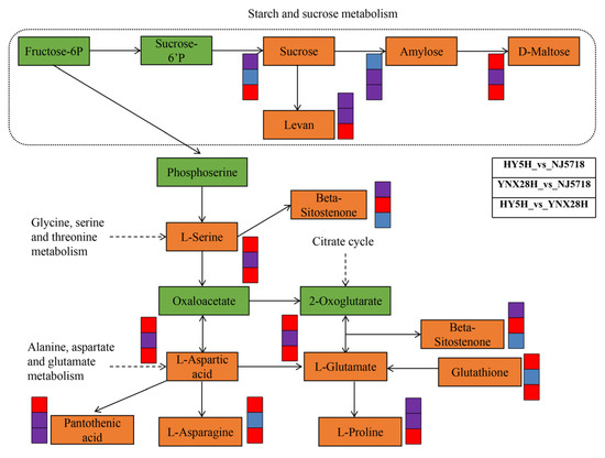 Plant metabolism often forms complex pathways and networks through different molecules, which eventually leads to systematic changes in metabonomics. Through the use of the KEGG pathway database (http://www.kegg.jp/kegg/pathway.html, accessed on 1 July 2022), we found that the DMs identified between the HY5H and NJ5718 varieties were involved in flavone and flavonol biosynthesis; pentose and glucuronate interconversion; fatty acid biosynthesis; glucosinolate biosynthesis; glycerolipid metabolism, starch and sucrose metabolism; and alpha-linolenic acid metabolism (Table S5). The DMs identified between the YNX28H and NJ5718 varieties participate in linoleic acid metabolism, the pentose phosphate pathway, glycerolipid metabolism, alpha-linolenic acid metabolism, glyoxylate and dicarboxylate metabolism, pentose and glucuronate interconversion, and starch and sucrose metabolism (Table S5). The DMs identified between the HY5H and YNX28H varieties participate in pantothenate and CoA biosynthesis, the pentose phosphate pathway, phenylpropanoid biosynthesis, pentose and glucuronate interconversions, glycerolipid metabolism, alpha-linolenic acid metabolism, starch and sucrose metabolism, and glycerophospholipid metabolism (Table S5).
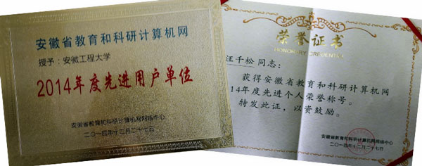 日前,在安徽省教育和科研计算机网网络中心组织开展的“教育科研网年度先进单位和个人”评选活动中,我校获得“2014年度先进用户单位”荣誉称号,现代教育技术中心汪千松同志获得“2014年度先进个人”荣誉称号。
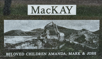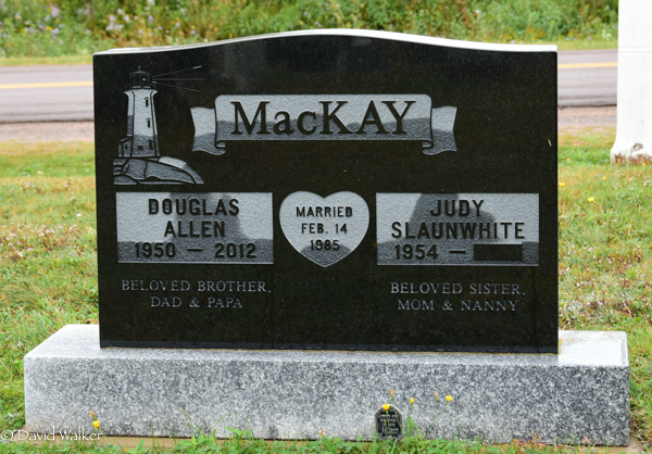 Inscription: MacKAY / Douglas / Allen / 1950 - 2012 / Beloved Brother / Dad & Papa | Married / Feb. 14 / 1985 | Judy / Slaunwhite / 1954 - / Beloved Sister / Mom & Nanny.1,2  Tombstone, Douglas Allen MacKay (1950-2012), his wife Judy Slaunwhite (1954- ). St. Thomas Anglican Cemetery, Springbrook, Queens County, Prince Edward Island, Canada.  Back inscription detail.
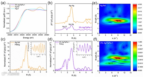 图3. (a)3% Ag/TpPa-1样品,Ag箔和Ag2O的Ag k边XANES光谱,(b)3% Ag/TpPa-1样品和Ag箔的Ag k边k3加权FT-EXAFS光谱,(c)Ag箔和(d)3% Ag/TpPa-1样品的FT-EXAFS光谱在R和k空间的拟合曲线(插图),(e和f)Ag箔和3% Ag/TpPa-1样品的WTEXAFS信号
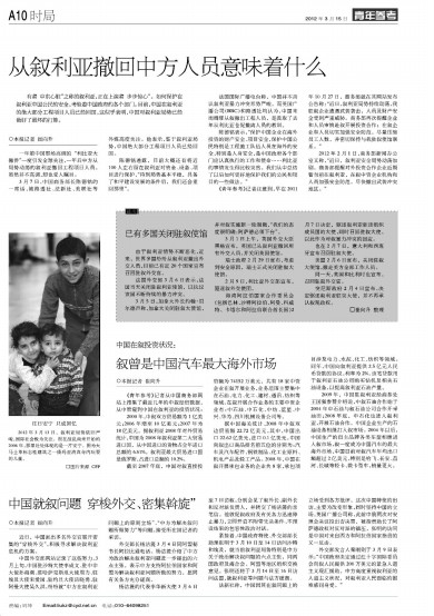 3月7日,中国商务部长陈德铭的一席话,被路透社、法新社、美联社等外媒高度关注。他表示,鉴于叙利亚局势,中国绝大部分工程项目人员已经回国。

· · · · ·

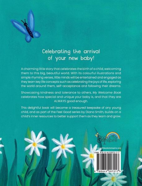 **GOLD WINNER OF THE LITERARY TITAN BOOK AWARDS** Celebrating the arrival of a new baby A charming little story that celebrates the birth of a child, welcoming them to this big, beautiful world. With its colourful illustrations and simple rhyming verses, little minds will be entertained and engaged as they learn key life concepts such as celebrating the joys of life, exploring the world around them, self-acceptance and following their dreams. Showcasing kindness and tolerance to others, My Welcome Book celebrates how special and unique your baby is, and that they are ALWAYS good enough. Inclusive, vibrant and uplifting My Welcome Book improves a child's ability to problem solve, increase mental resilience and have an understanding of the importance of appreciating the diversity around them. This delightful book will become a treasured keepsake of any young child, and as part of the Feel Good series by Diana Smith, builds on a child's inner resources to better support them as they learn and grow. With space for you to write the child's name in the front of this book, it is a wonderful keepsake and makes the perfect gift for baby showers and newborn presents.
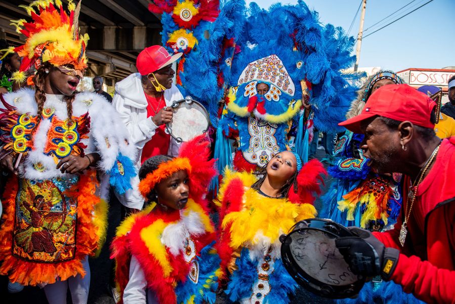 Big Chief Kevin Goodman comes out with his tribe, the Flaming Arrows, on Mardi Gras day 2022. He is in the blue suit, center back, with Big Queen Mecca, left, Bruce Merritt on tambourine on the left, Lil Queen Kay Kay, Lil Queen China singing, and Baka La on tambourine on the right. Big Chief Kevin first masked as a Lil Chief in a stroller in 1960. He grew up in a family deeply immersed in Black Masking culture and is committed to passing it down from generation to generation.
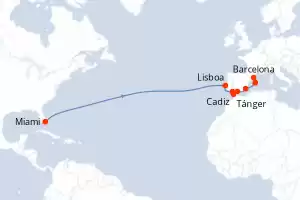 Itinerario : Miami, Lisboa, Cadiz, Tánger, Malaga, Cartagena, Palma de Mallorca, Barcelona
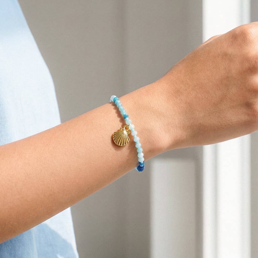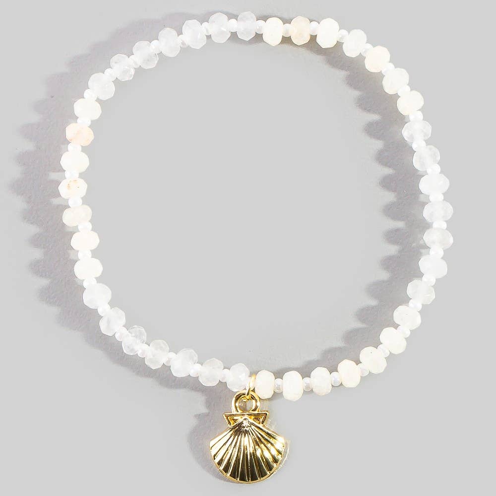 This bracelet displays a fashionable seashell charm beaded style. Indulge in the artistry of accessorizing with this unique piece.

· · · · ·

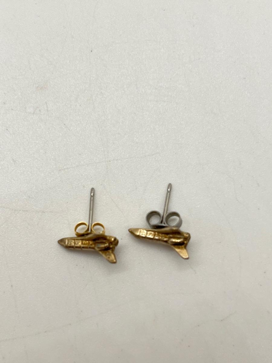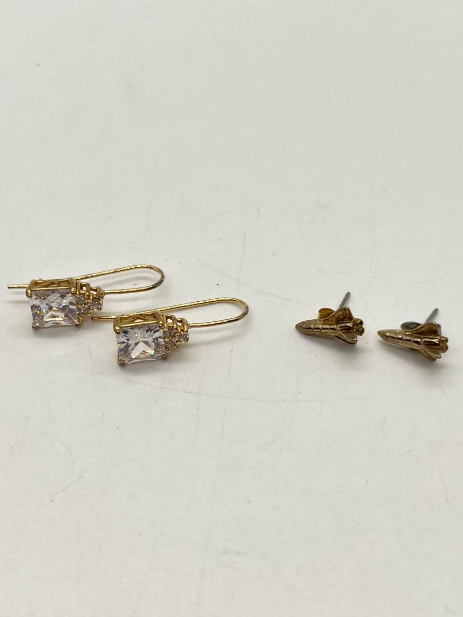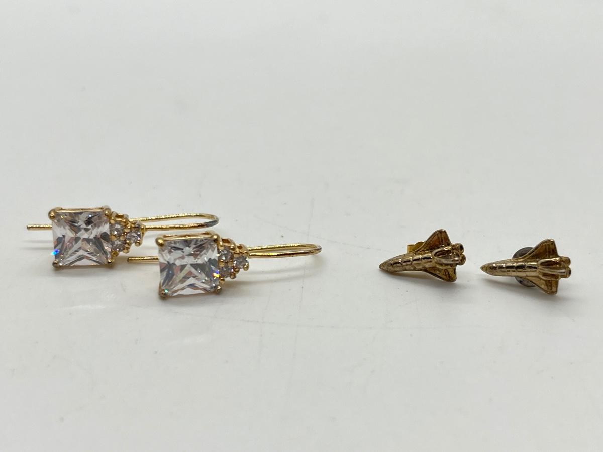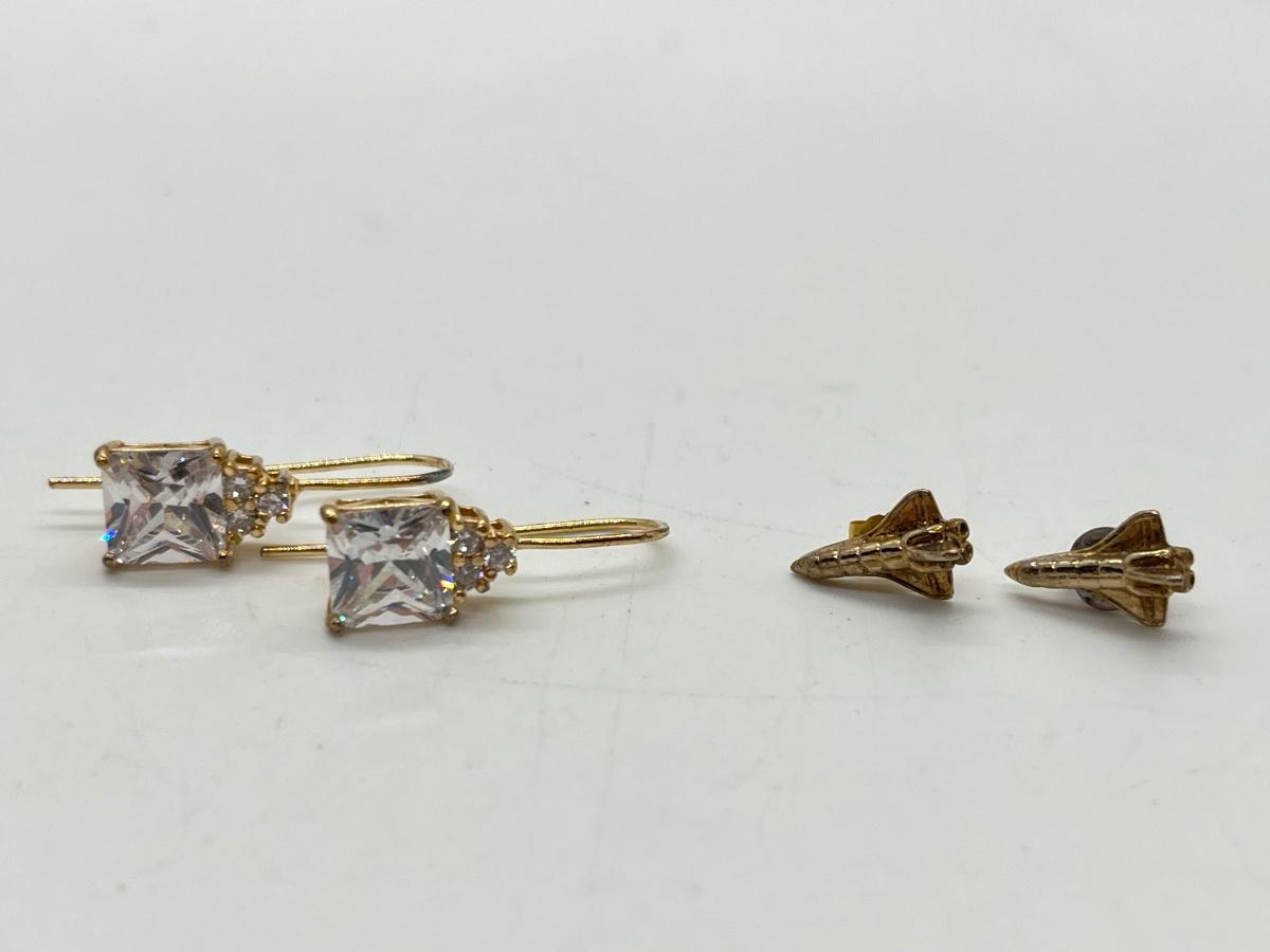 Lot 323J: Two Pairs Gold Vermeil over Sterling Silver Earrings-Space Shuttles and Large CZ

· · · · ·

> [Exercise instructions]:
Word for word, write out the lines above running from the one with "日前,在安徽省教育和科研计算" up to and including the one with "3月7日,中国商务部长陈德铭". Drop any picture.

> [Exercise result]:
 日前,在安徽省教育和科研计算机网网络中心组织开展的“教育科研网年度先进单位和个人”评选活动中,我校获得“2014年度先进用户单位”荣誉称号,现代教育技术中心汪千松同志获得“2014年度先进个人”荣誉称号。
 Inscription: MacKAY / Douglas / Allen / 1950 - 2012 / Beloved Brother / Dad & Papa | Married / Feb. 14 / 1985 | Judy / Slaunwhite / 1954 - / Beloved Sister / Mom & Nanny.1,2  Tombstone, Douglas Allen MacKay (1950-2012), his wife Judy Slaunwhite (1954- ). St. Thomas Anglican Cemetery, Springbrook, Queens County, Prince Edward Island, Canada.  Back inscription detail.
 图3. (a)3% Ag/TpPa-1样品,Ag箔和Ag2O的Ag k边XANES光谱,(b)3% Ag/TpPa-1样品和Ag箔的Ag k边k3加权FT-EXAFS光谱,(c)Ag箔和(d)3% Ag/TpPa-1样品的FT-EXAFS光谱在R和k空间的拟合曲线(插图),(e和f)Ag箔和3% Ag/TpPa-1样品的WTEXAFS信号
 3月7日,中国商务部长陈德铭的一席话,被路透社、法新社、美联社等外媒高度关注。他表示,鉴于叙利亚局势,中国绝大部分工程项目人员已经回国。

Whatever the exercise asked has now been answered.